The phenomenon is driven by a continuous onslaught of distressing global events, from wars and mass shootings to climate disasters and political polarization. Dr. Richard Mollica, a professor of psychiatry at Harvard Medical School, notes that media reporting tends to focus predominantly on negative events, offering little about hope. This relentless stream of bad news aligns with the brain's limbic system, particularly the amygdala, which promotes self-preservation and drives the fight-or-flight response. Dr. Aditi Nerurkar, a lecturer in the Division of Global Health and Social Medicine at Harvard Medical School, describes this as our brains and bodies being designed to handle short bursts of stress, but not the unending stress of modern times. Doomscrolling becomes a response to this, as stress stokes the primary urge to scroll, creating a hypervigilant state where the individual feels an increasing need to scan for threats.

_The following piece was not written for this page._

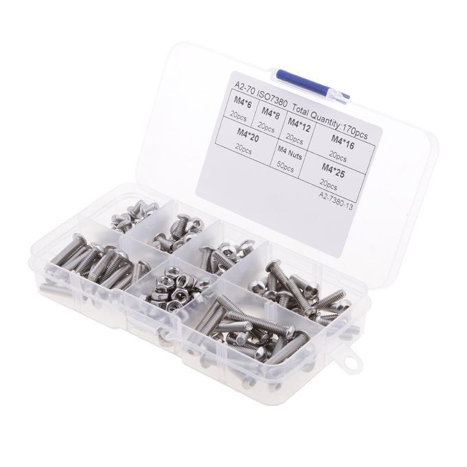 170Pcs M4 Stainless Steel Button Head Socket Screw and Nuts.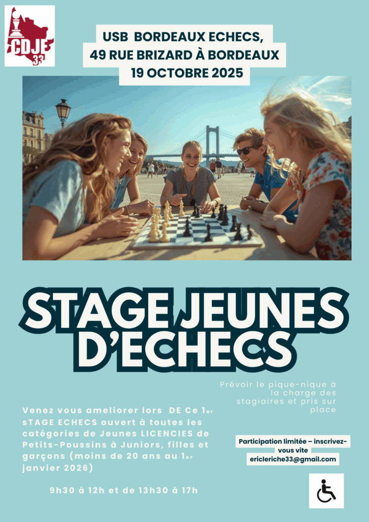 Nous avons le plaisir de vous annoncer la tenue du 1er Stage Départemental Jeunes du CDJE 33 de la saison 2025-2026 le dimanche 19 octobre 2025 (1er dimanche des vacances de la Toussaint).

Research, such as a study published in Computers in Human Behavior in April 2024, suggests that doomscrolling can impair professional engagement, indicating its impact extends beyond personal well-being to functional performance. On a neurological level, excessive online time can lead to what Dr. Nerurkar terms "popcorn brain," a real biological phenomenon where the brain feels overstimulated, making it difficult to engage with the slower-paced real world. This overstimulation contributes to feelings of stress, anxiety, fatigue, and emotional reactivity. A new term, "doomscrolling," specifically encapsulates the compulsive, endless attention-consuming scrolling on social media for disturbing news, which can become a source of vicarious trauma and retraumatization.
Certain groups may be particularly vulnerable. While everyone with a device is susceptible, women and individuals with a history of trauma are especially at risk. Dr. Mollica indicates that women are hit harder by doomscrolling because a significant portion of violent media focuses on harming women and children. For those who have lived through violence, doomscrolling is often driven by fear. The behavior is maladaptive, even if it feels functional in the moment. As Lisa Honold, founder of The Center for Online Safety, details, doomscrolling encourages excessive screen time and trains social media algorithms to deliver more negative content, reinforcing the cycle.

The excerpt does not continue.